The chief question brought up by this appeal is one of the legal sufficiency of evidence produced by the caveatrix of a will, as proof of mental incompetency of the testatrix or of the procurement of the will by undue influence. The testatrix, Mrs. Jemima Bartlett, a widow about seventy-six years old, living at Brentwood, in Prince George’s County, had one daughter, Mrs. Mecutchen, who has been of weak mind for thirty-one or thirty-two years, required to resort to a sanitarium at irregular intervals, and of late years *81 almost continuously confined there. She was confined to the sanitarium at the time of trial. The mother, Mrs. Bartlett, was possessed of an estate, of both real and personal property, of a total value, as appraised, of $56,093.42. She executed hqr will on July 15th, 1924, at the house1 of a1, Mr. Winter Gigous, where she was then living, in the presence of three witnesses: Lloyd V. Moxley, of Brentwood; Judge Isaac D. Arnold, of Brentwood; E. G. Lorenz, of Washington, D. C., and of Mr. Max Bhoade, an attorney. The evidence of the caveatrix (the defendants were not required to produce any) shows that Mrs. Bartlett had the will on the table, by her side, when the witnesses were there, that she was asked by Mr. Bhoade whether she knew the contents, and answered, “I know every word of it.” Moxley, the only witness to the will who was called by the caveatrix to testify, said she talked, while waiting, of her old home in England, and the pleasant days she had spent in her old home at Brentwood. And, in response to a direct question as to the decedent’s mental condition at the time, Moxley answered, “With all fairness to everyone concerned in this case, at that particular time, as I said before, gentlemen of the jury, she appeared to be mentally sound, just at that time.
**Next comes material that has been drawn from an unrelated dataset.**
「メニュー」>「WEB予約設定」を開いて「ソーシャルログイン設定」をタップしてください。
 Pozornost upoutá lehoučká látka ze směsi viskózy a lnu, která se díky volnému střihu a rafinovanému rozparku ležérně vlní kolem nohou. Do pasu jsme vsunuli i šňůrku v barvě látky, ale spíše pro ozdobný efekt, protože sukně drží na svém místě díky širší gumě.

I could not say whether she was before or what her condition was after.” So much covers the testimony of the execution of the will.1 Mrs. Bartlett died five months later, on December 13th, 1924, and the will was admitted to probate by the register of wills, during recess of the orphans’ court, five days later, on December 18th, 1924. The orphans' court ratified the probate on December 23rd, 1924.
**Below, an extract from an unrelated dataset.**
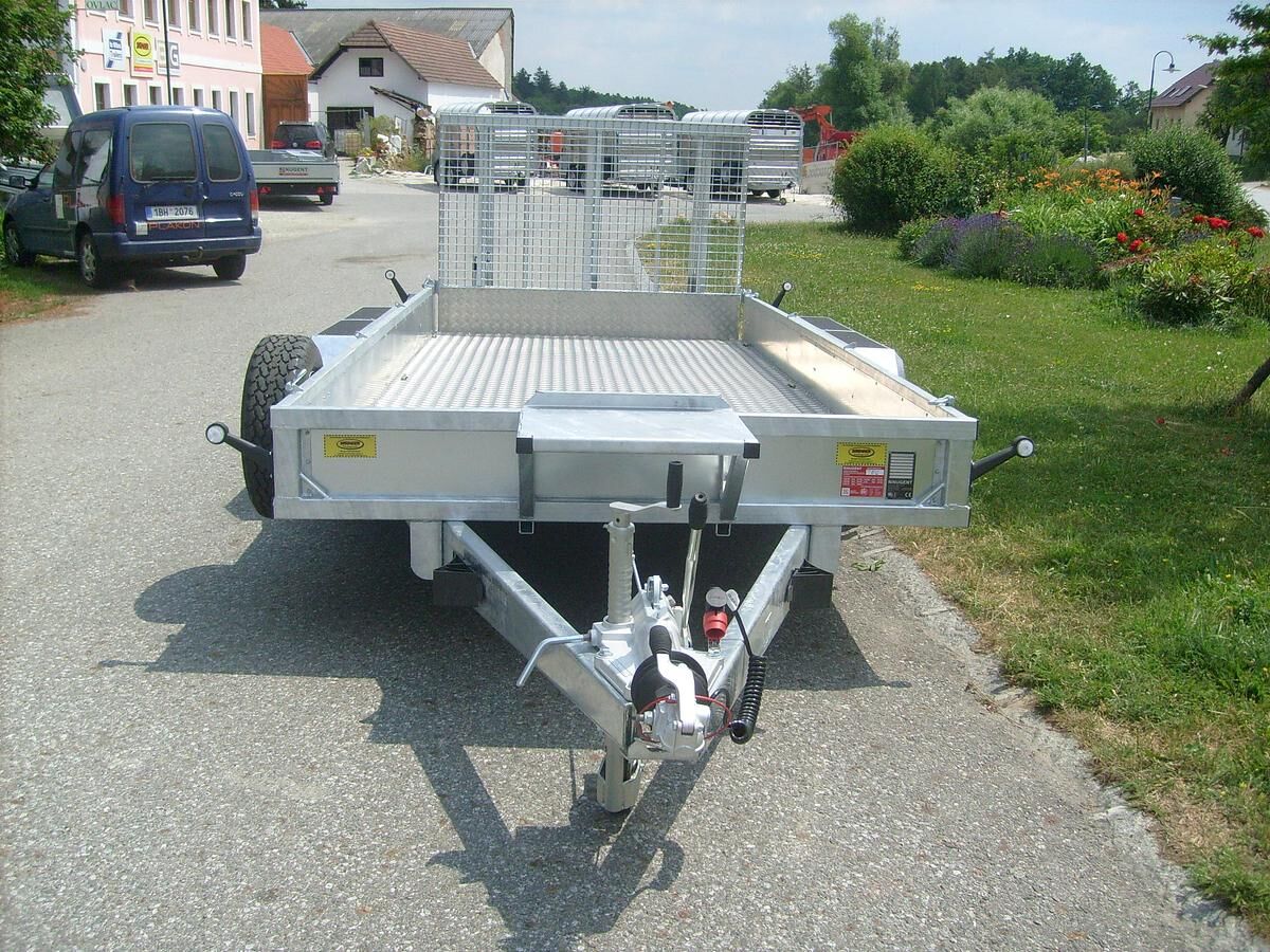 NUGENT BAUMASCHINENTRANSPORTER TIEFLADER P4318H - im Zulauf * Zweiachsanhänger, gebremst * Anhänger ist aus vollfeuerverzinktem Stahl gefertigt * Hochbelastbare Auffahrts-Schienen * Parabelblattfederung und Starrachsen für perfekte Straßenlage * *** Spezial-Federung PARABOLIC EQUALIZER *** * Flacher 15° Grad Ladewinkel - ideal zum Verladen von tiefliegenden Geräten * Knott Auflaufbremse * Rückfahrautomatik * Schaufel/Löffel-Auflage * 8 Zurrösen * Abschließbare Anhängekupplung * hochbelastbares Stützrad * Bereifung 185/70R13C - kein Reserverad * LED-Beleuchtung * Rampe (Modell 520) durchgehend oder geteilt verfügbar Inkludiertes Zubehör: * Auffahrts-Schienen mit integrierten Beladestützen * erhöhter Auflagebock für Baggerarm * geschlossene Seitenwände * 3 Paar versenkte Verzurr-Laschen * zahlreiche Verzurr-Punkte an den Seitenwänden * Beleuchtung nach STVO mit Nebelschlussleuchte und 13-poligem Stecker * EC Certificate of Conformity (COC) Maße und Gewichte: * Innenlänge:4.360 mm * Innenbreite:1.870 mm * Gesamtlänge:6.310 mm * Gesamtbreite:2.450 mm * Bordwandhöhe:280 mm * HzGG: 3.500 kg * Eigengewicht: 900 kg Listenpreis exkl. MwSt. € 7.525,- Inklusive folgender Leistungen: * persönliche Beratung * faire Geschäfte * beste Qualität * Spitzenservice auch Jahre nach dem Kauf

The will gave three small legacies of $500 each, one to a sister, one to a Dr. Mary Parsons of Washington, and one to the town of Brentwood for fire-fighting facilities; and two legacies of $100 each to Sophia Bandall and Frank Johnson, brother of the testatrix. Then followed a legacy of $10,000 to Mrs. Florence E. Gigous, described by the testatrix as her “beloved friend,” and one whom she had intimately known for ten years, and had known nine years *82 before that, and with whom Mrs. Bartlett lived for the last two years of her life. An explanation was inserted, that conditions in Mrs. Bartlett’s own home had, by reason of the daughter’s unfortunate mental disease, become intolerable, and that the mother avoided these by moving into the Gigous household. In the event that Florence E. Gigous should die before the testatrix the amount was to go to her husband; and, if both should die before the testatrix, it was to go to those who would take their personal estates upon intestacy. The residue, after that legacy of $10,000, was to be placed in trust (Winter Gigous and the Fidelity Trust Company, trustees) to pay $100 a month to the daughter or her guardian or committee, the principal, however, to be used if needed, without power of anticipation, and, in addition, such sum or sums a's might be reasonably and absolutely necessary for medical treatment, the necessity being certified by three physicians.
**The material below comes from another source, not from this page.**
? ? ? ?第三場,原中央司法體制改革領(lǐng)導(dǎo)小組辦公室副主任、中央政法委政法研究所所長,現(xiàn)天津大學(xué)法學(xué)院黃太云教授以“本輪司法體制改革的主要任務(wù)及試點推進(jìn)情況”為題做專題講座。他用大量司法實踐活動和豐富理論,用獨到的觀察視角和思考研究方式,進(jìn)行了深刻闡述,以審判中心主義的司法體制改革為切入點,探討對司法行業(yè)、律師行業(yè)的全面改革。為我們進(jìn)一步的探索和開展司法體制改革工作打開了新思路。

There follows a recital that the daughter’s condition, as the mother is advised, is permanent and practically incurable, and that because of it the provisions of the will for her benefit have been limited to such incolme and provisions as the testatrix deems reasonable for her support. And for the same reason trustees are authorized to suspend and cease making payments to her personally if her mental condition makes it inimical and undesirable in her own welfare, the amounts then to be paid out on her behalf, instead. At the daughter’s death all the property, with any unexpended income, Wa's to be paid over to Mr. and Mrs. Gigous, or if they should then be dead, to their next of kin. Winter Gigous and the Fidelity Trust Company were named as executors and trustees.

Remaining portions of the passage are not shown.